Much to everyone's surprise, the members of the initial group were able to recover more quickly from their heartbreak.

The research credit this phenomenon to something called "self-concept reorganization." In this process, participants learn to see themselves as totally separate from their exes. In doing this, they're able to "psychologically untangle" themselves from their exes.

“The process of becoming psychologically intertwined with the partner is painful to have to undo," Dr. Grace Larson of Northwestern University, one of the study's authors, told Science Daily. “Our study provides additional evidence that self-concept repair actually causes improvements in well-being.”

The researchers hypothesized that once people distanced themselves from their partners, they were able to create a new "narrative" and look at their breakup from a totally fresh point of view.

“It might be simply the effect of repeatedly reflecting on one’s experience and crafting a narrative - especially a narrative that includes the part of the story where one recovers,” Dr Larson told Science Daily.

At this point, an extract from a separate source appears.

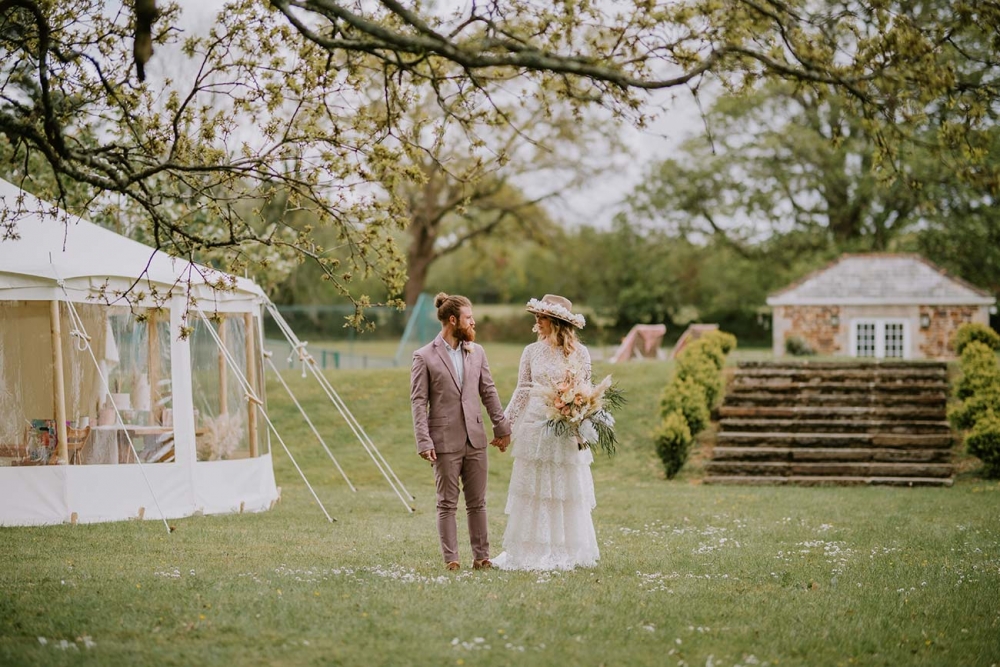 Set amidst a secluded valley in the heart of Cornwall, new wedding venue Boconnion offers romance and rural charm in equal measure. The cluster of refurbished buildings, including a Georgian manor house, farmhouse, and reception barn, together with acres of gardens and ancient oak woodland, also offers a versatile canvas for a wedding, as this styled shoot illustrates in oh-so dreamy style.

Since this study was published in 2015, a new one published in May of this year looked into some other methods for moving on from a breakup. In their study, the researchers were able to find that talking about your exes negatively was the most effective in getting you to love them less. So, when you're talking and thinking about your ex, try thinking about all of the things they did to annoy you. Like, remember how he always used to leave the toilet seat up? Or how she lied to you about having a dentist appointment just because she didn't want to hang out with your mom?!

Think and talk about those issues, and soon, your breakup will be a thing of the past.